Exercise brief: Below are lines of data. Give the number of them that contain the string "back", and nothing else.

Supplied records:
-*-*-
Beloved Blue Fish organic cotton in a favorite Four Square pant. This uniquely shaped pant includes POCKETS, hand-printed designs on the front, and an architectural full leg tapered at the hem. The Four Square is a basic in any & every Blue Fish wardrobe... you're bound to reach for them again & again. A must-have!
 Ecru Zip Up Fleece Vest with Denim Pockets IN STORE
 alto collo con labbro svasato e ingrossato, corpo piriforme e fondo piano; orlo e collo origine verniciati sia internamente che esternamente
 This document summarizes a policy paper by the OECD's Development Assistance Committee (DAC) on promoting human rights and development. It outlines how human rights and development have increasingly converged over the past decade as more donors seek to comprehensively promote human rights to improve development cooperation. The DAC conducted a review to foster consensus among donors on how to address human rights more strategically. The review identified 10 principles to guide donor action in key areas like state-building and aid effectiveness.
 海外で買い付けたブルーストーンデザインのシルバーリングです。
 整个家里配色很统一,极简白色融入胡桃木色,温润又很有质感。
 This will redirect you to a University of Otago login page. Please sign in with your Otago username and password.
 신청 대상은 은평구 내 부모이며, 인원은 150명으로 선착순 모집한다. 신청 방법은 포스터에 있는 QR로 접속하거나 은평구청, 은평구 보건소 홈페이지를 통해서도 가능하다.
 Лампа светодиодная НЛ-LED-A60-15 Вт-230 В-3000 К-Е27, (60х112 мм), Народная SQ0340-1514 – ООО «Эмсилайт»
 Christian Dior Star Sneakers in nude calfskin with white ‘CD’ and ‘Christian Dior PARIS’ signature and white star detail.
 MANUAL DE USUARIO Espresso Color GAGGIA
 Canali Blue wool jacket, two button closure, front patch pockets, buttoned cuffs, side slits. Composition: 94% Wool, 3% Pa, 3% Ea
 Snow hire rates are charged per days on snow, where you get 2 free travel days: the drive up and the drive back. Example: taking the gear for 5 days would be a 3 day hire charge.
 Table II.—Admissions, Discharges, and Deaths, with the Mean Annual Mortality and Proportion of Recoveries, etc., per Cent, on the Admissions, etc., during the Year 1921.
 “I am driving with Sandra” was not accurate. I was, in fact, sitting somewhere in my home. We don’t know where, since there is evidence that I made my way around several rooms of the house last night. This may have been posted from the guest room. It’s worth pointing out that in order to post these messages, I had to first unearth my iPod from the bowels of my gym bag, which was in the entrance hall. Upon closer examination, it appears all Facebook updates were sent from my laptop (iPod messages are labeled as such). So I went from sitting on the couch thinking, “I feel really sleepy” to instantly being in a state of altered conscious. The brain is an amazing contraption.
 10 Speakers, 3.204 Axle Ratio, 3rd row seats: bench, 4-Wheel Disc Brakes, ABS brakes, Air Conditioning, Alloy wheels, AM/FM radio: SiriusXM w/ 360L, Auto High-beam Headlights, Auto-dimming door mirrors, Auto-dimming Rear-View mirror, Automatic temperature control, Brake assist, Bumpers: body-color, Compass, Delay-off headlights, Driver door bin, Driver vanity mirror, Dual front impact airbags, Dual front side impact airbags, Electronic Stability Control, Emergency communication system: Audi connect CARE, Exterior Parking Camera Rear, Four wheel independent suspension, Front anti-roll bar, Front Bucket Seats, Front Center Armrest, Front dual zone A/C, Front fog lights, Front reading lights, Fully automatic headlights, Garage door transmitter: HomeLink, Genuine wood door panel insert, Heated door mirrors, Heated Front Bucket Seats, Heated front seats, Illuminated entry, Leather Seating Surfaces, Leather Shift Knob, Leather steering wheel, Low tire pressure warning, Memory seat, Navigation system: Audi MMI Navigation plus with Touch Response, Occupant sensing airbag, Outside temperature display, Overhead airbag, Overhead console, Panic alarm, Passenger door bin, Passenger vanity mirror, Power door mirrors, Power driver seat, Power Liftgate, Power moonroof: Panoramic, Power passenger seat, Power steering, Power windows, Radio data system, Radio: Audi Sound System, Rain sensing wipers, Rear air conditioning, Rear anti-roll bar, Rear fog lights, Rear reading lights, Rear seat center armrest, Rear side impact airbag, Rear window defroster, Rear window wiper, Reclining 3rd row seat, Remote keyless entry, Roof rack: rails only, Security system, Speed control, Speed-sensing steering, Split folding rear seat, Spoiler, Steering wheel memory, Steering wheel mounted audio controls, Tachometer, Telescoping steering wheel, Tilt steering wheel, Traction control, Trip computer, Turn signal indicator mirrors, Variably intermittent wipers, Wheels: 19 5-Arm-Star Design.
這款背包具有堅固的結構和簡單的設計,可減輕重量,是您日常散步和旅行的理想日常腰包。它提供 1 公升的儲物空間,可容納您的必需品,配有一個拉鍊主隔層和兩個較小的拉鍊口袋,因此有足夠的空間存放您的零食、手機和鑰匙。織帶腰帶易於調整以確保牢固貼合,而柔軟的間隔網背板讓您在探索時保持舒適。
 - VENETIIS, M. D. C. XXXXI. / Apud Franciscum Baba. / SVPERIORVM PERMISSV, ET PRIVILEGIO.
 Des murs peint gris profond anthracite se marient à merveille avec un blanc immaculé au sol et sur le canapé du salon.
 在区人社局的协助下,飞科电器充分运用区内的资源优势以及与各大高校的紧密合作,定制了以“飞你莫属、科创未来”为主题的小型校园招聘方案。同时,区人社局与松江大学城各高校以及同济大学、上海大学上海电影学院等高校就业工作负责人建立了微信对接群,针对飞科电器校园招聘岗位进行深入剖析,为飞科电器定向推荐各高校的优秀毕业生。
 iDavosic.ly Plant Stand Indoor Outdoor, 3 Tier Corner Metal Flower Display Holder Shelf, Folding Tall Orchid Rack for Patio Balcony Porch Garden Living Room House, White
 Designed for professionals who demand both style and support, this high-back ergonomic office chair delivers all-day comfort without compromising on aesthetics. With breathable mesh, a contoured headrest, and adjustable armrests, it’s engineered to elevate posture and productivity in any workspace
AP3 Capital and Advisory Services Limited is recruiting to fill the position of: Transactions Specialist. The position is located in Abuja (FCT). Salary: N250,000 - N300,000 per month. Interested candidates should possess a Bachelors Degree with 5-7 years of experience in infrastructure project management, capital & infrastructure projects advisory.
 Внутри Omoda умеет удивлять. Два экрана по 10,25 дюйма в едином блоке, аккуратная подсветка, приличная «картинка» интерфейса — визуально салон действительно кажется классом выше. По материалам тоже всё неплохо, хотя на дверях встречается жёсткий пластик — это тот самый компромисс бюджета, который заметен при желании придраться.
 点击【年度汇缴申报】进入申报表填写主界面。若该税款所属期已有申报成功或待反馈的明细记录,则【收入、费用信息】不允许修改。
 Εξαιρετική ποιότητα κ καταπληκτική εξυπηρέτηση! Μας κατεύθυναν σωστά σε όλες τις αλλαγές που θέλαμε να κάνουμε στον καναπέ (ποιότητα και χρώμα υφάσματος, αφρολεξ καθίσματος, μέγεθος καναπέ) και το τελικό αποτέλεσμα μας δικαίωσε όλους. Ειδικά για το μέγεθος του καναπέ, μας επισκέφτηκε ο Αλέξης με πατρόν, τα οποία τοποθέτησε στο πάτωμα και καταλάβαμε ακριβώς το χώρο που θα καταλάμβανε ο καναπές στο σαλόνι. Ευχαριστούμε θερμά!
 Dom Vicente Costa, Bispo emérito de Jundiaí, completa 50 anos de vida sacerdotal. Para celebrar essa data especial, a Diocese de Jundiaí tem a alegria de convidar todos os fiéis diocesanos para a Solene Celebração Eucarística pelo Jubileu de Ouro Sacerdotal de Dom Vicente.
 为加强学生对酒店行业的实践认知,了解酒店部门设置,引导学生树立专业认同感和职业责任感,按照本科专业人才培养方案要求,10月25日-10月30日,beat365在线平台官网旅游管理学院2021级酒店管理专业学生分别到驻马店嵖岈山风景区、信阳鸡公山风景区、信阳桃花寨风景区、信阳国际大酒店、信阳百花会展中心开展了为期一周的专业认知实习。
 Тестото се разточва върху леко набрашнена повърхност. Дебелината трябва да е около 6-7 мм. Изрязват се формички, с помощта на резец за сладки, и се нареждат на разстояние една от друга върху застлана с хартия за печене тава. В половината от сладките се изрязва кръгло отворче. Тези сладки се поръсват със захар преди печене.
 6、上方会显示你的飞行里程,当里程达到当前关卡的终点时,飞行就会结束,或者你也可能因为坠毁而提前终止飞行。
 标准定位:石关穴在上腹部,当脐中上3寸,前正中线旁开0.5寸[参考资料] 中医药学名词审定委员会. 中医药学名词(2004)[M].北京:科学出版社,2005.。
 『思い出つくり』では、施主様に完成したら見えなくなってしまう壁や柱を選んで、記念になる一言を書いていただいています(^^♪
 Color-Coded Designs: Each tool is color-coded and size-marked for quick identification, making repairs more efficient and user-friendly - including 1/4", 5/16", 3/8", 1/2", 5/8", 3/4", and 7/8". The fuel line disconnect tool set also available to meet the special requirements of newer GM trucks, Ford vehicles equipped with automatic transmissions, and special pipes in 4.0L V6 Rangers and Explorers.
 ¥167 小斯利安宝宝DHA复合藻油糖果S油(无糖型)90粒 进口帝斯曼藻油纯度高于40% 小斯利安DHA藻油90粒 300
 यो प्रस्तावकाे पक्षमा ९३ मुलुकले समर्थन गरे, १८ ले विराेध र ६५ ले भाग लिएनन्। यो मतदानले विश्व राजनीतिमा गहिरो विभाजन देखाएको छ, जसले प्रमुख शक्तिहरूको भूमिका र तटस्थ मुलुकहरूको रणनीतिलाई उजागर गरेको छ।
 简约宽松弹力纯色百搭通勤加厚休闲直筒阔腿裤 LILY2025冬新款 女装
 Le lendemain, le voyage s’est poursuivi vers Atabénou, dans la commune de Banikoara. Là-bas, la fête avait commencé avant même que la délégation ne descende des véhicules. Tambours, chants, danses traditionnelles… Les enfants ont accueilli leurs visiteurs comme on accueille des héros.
-*-*-
Response to the task: 2